The entire listing, reproduced exactly and stripped of images, is the expected output.

> Dataset extract
---+---
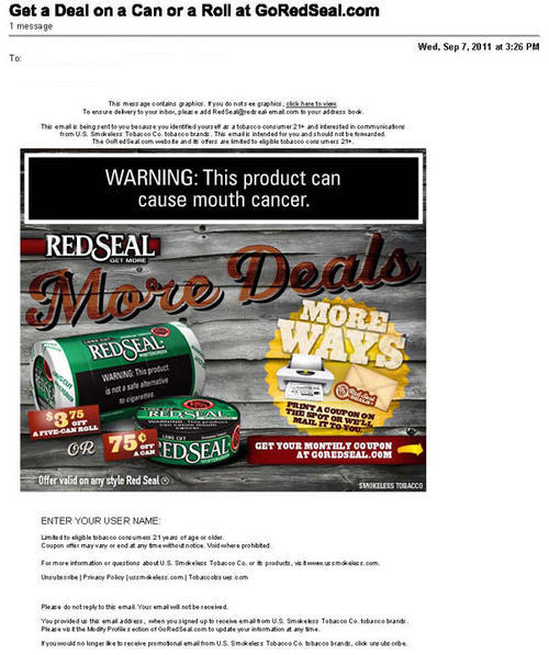 Email from Red Seal received in September 2011 directing the receiver to visit the brand's website in order to redeem a monthly coupon (for $0.75 off a can or $3.75 off a five-can roll).
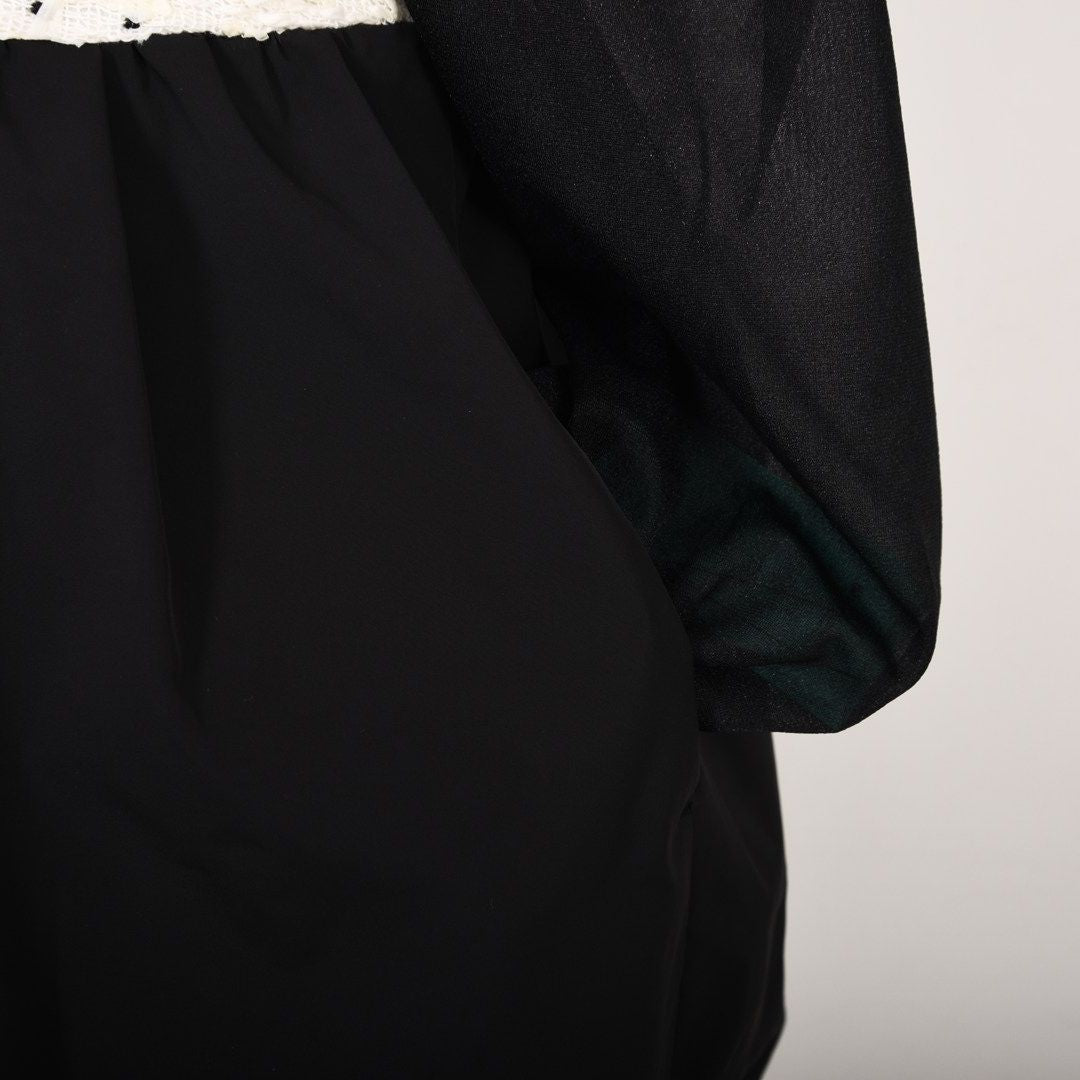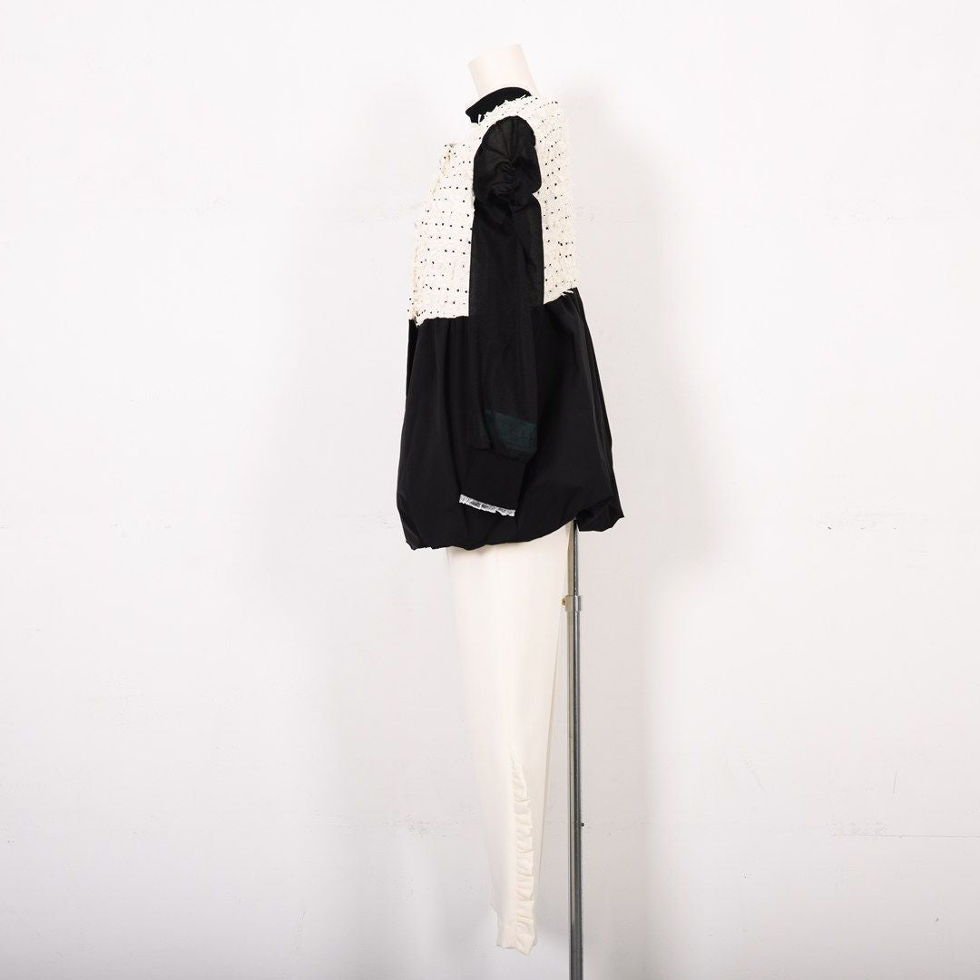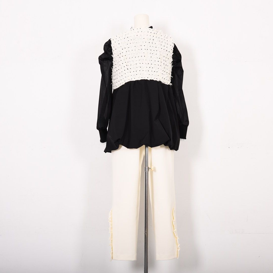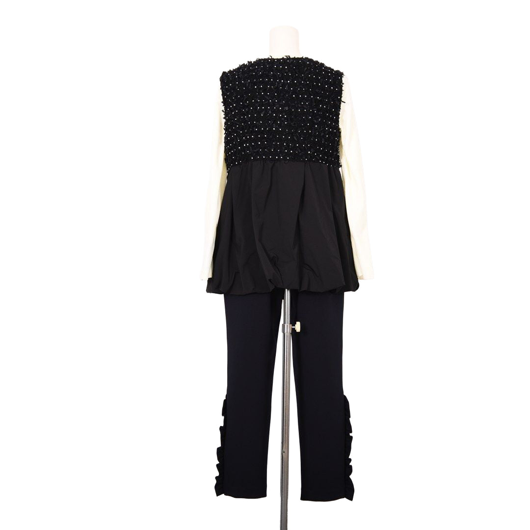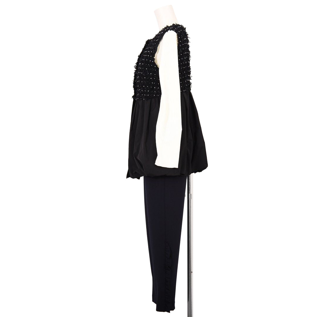 ふんわりやわらかなポンポン生地に異素材のタフタをドッキングしたベスト。
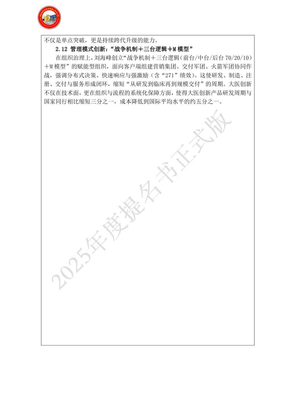 提名单位意见:
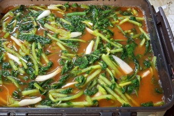 또한, 절이기 시작한 지 20분 정도 지났을 때, 반드시 아래위의 열무를 한 번 뒤집어주어야 합니다. 아래쪽의 열무는 먼저 절여지고, 위쪽은 덜 절여지기 때문에 중간에 위치를 바꿔주어야 균일하게 절일 수 있습니다. 열무 줄기를 살짝 구부려 보았을 때, '툭' 부러지지 않고 부드럽게 휘어지면 아주 잘 절여진 것입니다.
---+---
> Task output
 Email from Red Seal received in September 2011 directing the receiver to visit the brand's website in order to redeem a monthly coupon (for $0.75 off a can or $3.75 off a five-can roll).
 ふんわりやわらかなポンポン生地に異素材のタフタをドッキングしたベスト。
 提名单位意见:
 또한, 절이기 시작한 지 20분 정도 지났을 때, 반드시 아래위의 열무를 한 번 뒤집어주어야 합니다. 아래쪽의 열무는 먼저 절여지고, 위쪽은 덜 절여지기 때문에 중간에 위치를 바꿔주어야 균일하게 절일 수 있습니다. 열무 줄기를 살짝 구부려 보았을 때, '툭' 부러지지 않고 부드럽게 휘어지면 아주 잘 절여진 것입니다.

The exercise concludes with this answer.